* _EXERCISE REQUIREMENTS_:
Leave out all pictures. Extract exactly the lines from the one containing "Den senaste byggstatistiken" through the end of the data.

* _INFORMATION SHOWN_:
□ □ □ □

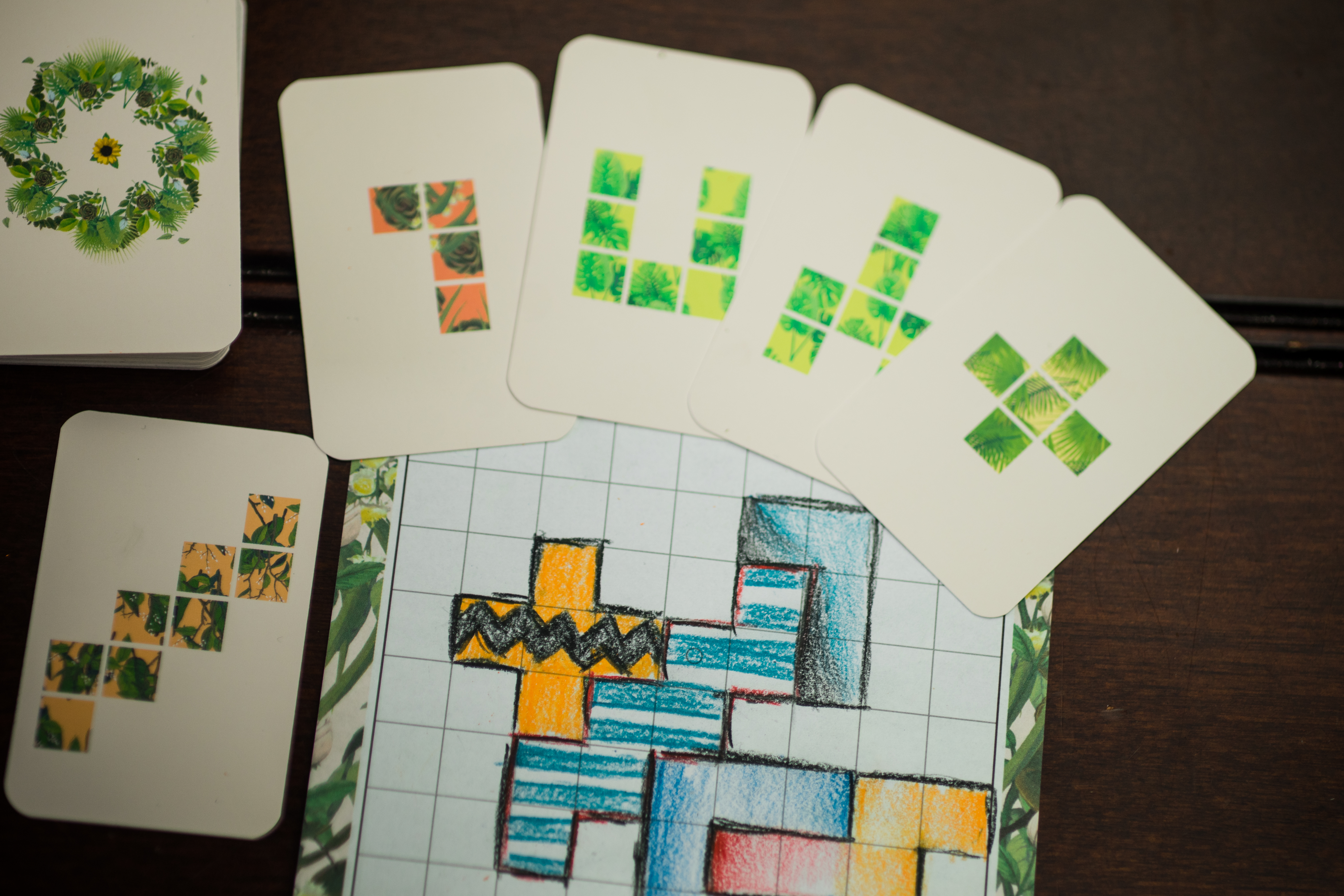 This is a flip-and-fill (or flip-and-write, or roll-and-write-but-with-cards) game in which everyone’s drawing polyominos on 9x9 grids. One player draws a card, and everyone draws the pictured shape wherever they choose on their grid, so long as it’s not overlapping with another shape or falling off the grid. Your goal is to fill as many squares as possible. But there’s one major twist: If you can’t draw a shape, you’re not done for. You’ll draw another card — your “second chance” — and if you can draw that shape on your sheet, you’re back in the game. It’s a simple premise, but that’s sort of the point. It’s dead simple to teach and fun to play — and even more fun to play with colored pencils.
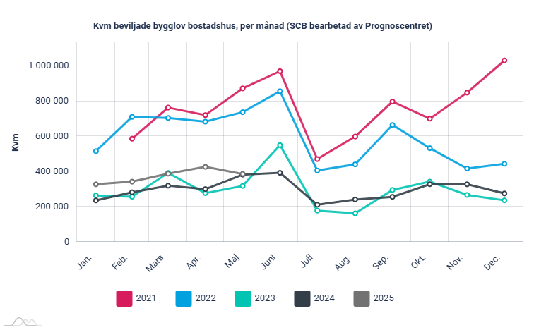 Den senaste byggstatistiken omfattar maj och visar att det totala antalet påbörjade bostäder uppgick till cirka 2 600, en ökning med 18 procent jämfört med maj 2024. Månadsstatistiken fluktuerar mycket men jämförs bostadsbyggandet hittills i år (jan-maj 2025) med motsvarande period för ett år sedan (jan-maj 2024) så har ökningen inte varit lika stor då antalet påbörjade bostäder ökade med 9 procent eller cirka 1100 stycken.
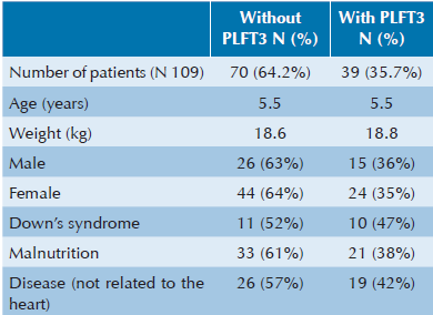 Variables as age, nutritional status, CPB time, complexity of heart’ malformation and the presence of associated genetic syndromes, have been found to be related with the development of PLFT3; its incidence in different series, varies from 10 to 30%.6,7,9

□ □ □ □

* _RESULT OF THE EXERCISE_:
 Den senaste byggstatistiken omfattar maj och visar att det totala antalet påbörjade bostäder uppgick till cirka 2 600, en ökning med 18 procent jämfört med maj 2024. Månadsstatistiken fluktuerar mycket men jämförs bostadsbyggandet hittills i år (jan-maj 2025) med motsvarande period för ett år sedan (jan-maj 2024) så har ökningen inte varit lika stor då antalet påbörjade bostäder ökade med 9 procent eller cirka 1100 stycken.
 Variables as age, nutritional status, CPB time, complexity of heart’ malformation and the presence of associated genetic syndromes, have been found to be related with the development of PLFT3; its incidence in different series, varies from 10 to 30%.6,7,9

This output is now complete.